Question: CASE STUDY Randy Smith, inventory Control Manager Randy Smith was very proud of his new position as inventory control manager for the Johnson Trinket Company.

CASE STUDY

Randy Smith, inventory Control Manager

Randy Smith was very proud of his new position as inventory control manager for the

Johnson Trinket Company. His primary responsibility had been fairly clearly defined:

Maintain an inventory level in the warehouse that ensures that production will not run

out of stock, yet also maintain an inventory level that will minimize inventory holding

and control costs. Since Randy had recently had a course in materials management, he

knew an approach that should help him. He decided to make a list of inventory items in

one small section of the warehouse to see if he could develop a good plan for inventory

control.
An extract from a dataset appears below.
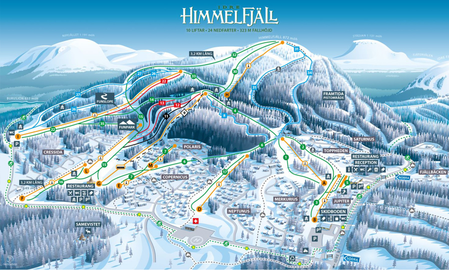Et pistekort over Idre Himmelfjäll giver et klart indblik i et nyere og moderne skiområde, der er skabt med fokus på komfort, plads og overskuelighed. Skiområdet rummer cirka 25 kilometer pister, hvor hovedparten er grønne og blå, men suppleret af enkelte røde pister, der giver progression for letøvede skiløbere.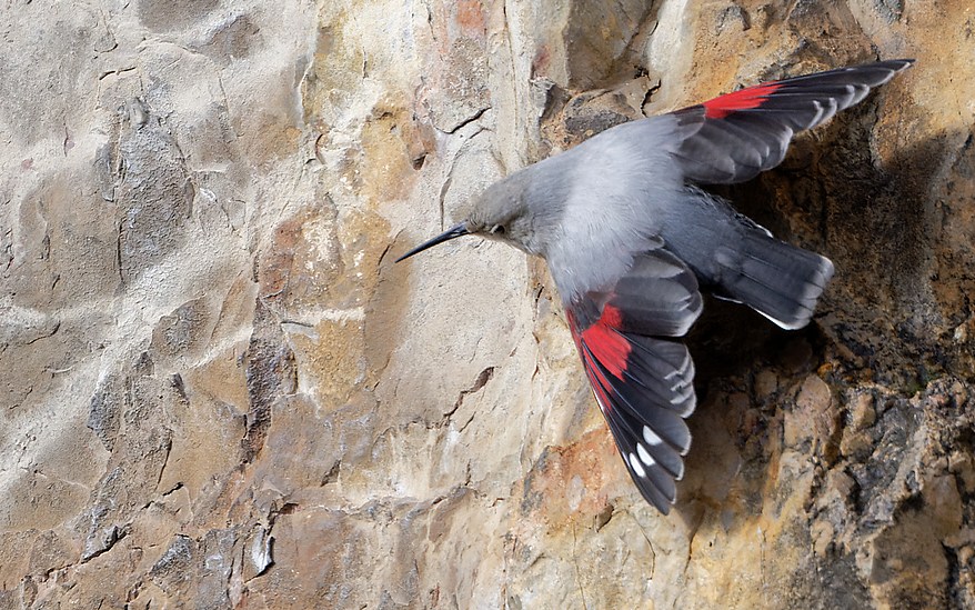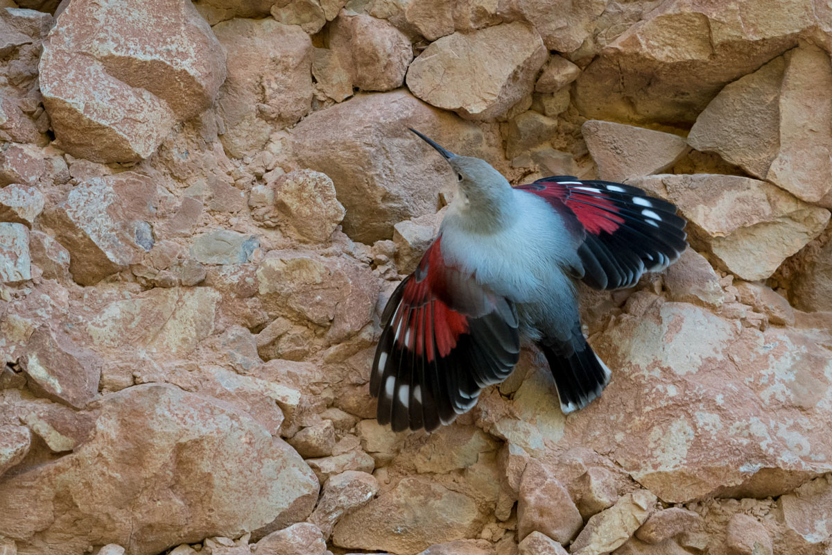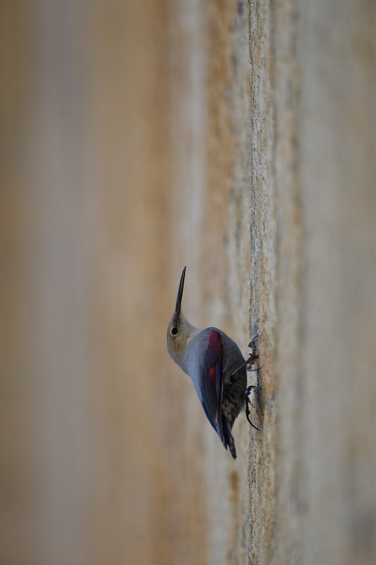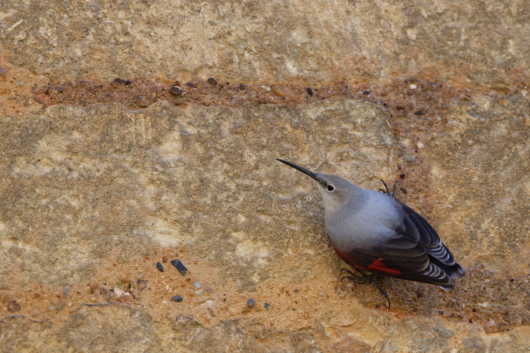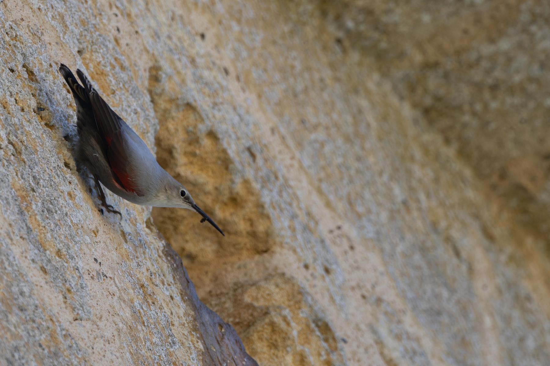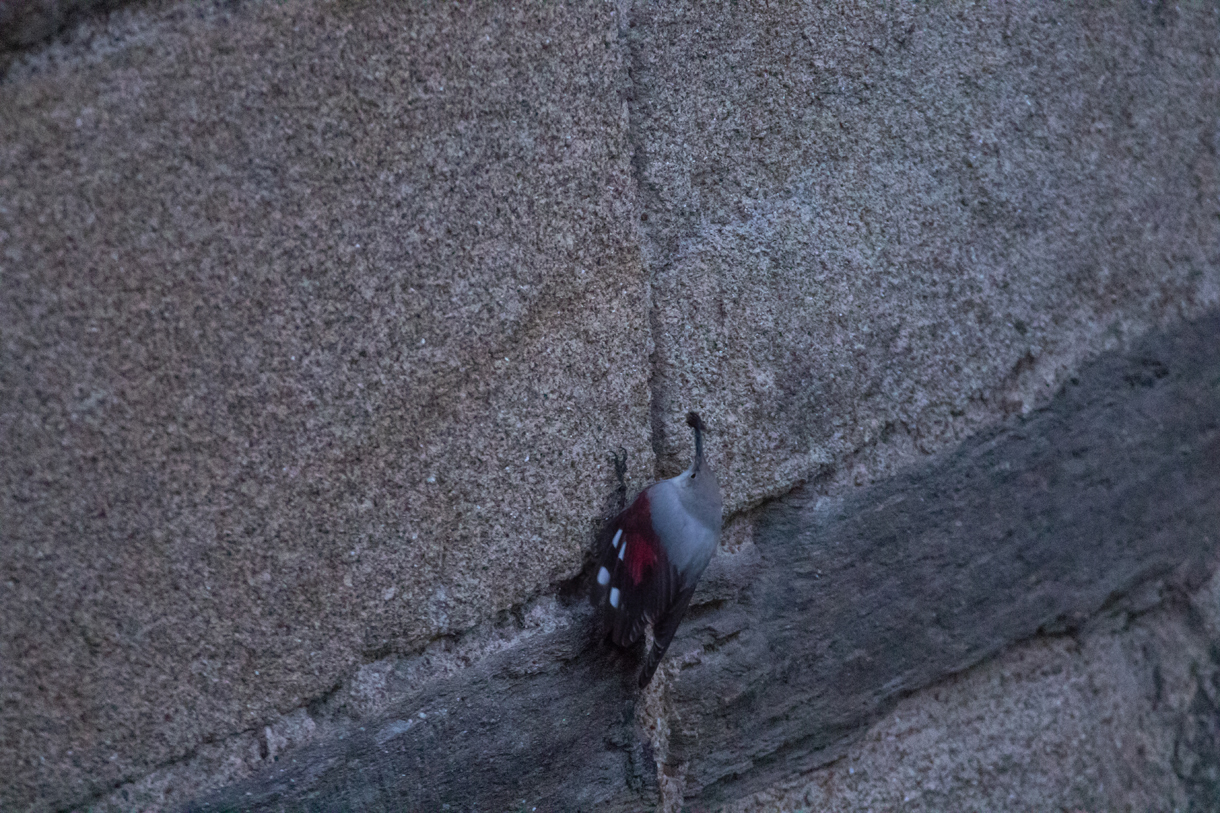 Photo prise le 17/11/2021. En automne et en hiver, le Tichodrome échelette descend à une altitude inférieure, et on peut alors l'observer sur des formations rocheuses naturelles, comme les Mallos de Riglos en Aragon (Lire Deux secteurs à visiter près de Huesca (Aragon)), ou sur des vieux bâtiments (lire Le Tichodrome échelette, un « amateur » du patrimoine culturel français).

If it worked in the one small section, he could expand it to the rest of the more

than 30,000 part numbers in the warehouse.

The following is the data Randy compiled:

Part unit value in $: $2.50 $0.20 $15.00 $0.75 $7.60 $4.40 $1.80 $0.05 $17.20 $9.00 $3.20 $0.30 $1.10 $8.10 $5.00 $0.90 $6.00 $2.20 $1.20 $5.90

Part number: 1234 1235 1236 1237 1238 1239 1240 1241 1242 1243 1244 1245 1246 1247 1248 1249 1250 1251 1252 1253

Quantity currently in inventory: 300 550 400 50 180 20 200 10 950 160 430 500 25 60 390 830 700 80 480 230

Average annual usage: 3000 900 1000 7900 2800 5000 1800 1200 2000 2500 7000 10000 7500 2100 4000 6500 3100 6000 4500 900

When Randy scanned the list, he noticed several things that disturbed him, and he asked

one of the experienced inventory clerks. The following list summarizes the part number

issues that concerned Randy, and the explanation from the clerk:

Part number 1236, a very expensive part with almost half-a-year's worth of inventory.

This part is used for a product that has very cyclical demand, and the busy time of

the year is about to start.

Part number 1241 is very inexpensive, yet the inventory is very small. This part has

a supplier with an erratic delivery history, and the part also has a very long lead time.

A lot of 150 has been on order for some time, and is now several days past due.

Part number 1242, like 1236, is expensive with almost half a year worth of

inventorythis part is shipped to a location on the other side of the country and

is being accumulated into a large lot to save shipping costs.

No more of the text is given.